▶ PROBLEM TO SOLVE: Only one stretch of the records below is wanted: the lines from the one holding "Pantalón largo de" through the one holding "そこで、その棚の下につっぱり". Return it exactly, both ends included.

▶ INFORMATION SUPPLIED:
Start of Block
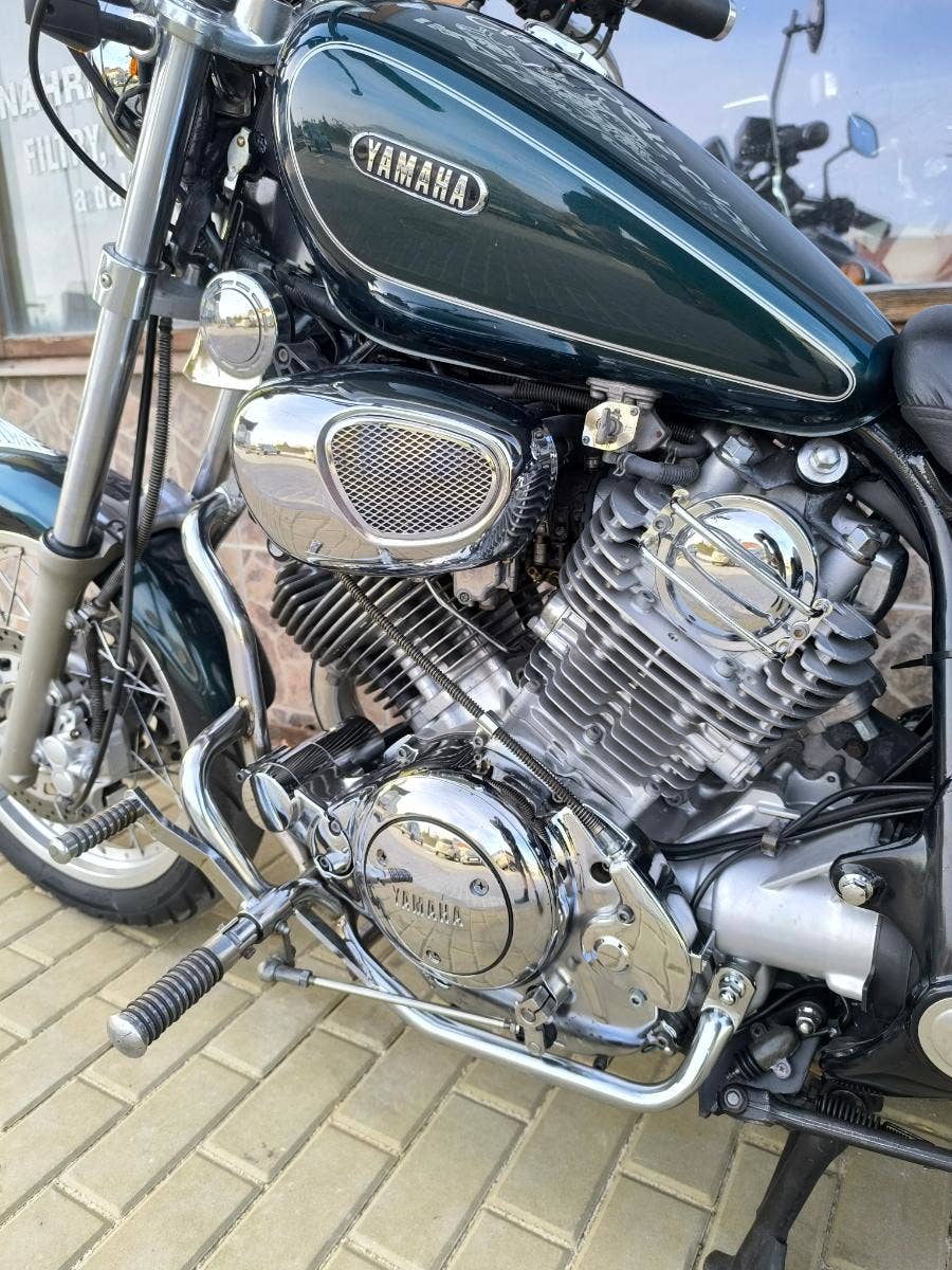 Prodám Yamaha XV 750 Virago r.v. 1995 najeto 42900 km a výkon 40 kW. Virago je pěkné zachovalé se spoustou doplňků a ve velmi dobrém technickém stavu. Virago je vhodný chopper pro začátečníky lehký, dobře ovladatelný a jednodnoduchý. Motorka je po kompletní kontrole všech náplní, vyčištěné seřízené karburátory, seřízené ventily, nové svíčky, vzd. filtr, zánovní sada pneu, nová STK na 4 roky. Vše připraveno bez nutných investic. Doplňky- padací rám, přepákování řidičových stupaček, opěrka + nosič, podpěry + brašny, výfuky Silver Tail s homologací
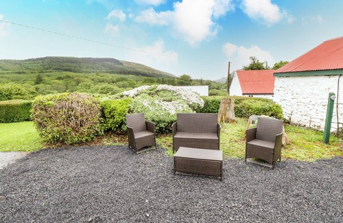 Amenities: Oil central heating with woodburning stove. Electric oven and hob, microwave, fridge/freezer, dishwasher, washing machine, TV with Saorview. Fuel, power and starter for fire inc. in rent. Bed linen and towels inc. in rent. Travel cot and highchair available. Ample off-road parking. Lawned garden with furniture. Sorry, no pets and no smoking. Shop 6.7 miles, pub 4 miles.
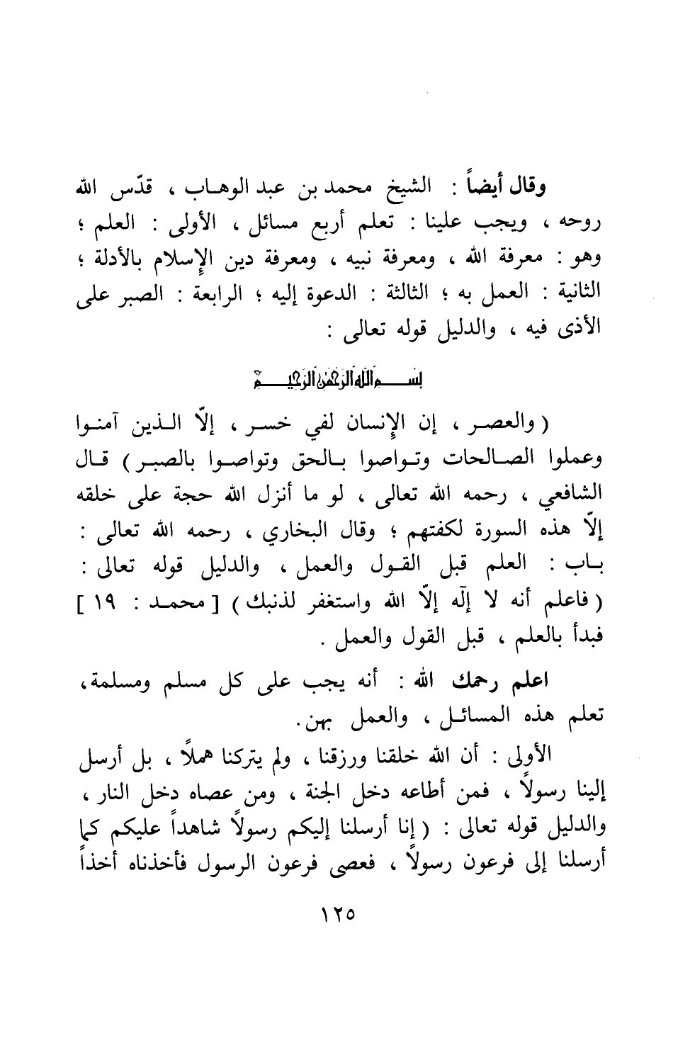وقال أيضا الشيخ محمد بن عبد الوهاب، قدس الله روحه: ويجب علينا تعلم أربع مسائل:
End of Block
Start of Block
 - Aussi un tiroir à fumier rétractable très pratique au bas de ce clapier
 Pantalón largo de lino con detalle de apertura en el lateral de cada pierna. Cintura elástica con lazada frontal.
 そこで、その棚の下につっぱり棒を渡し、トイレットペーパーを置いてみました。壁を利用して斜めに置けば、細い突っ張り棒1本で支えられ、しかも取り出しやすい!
End of Block
▶ TASK OUTPUT:
 Pantalón largo de lino con detalle de apertura en el lateral de cada pierna. Cintura elástica con lazada frontal.
 そこで、その棚の下につっぱり棒を渡し、トイレットペーパーを置いてみました。壁を利用して斜めに置けば、細い突っ張り棒1本で支えられ、しかも取り出しやすい!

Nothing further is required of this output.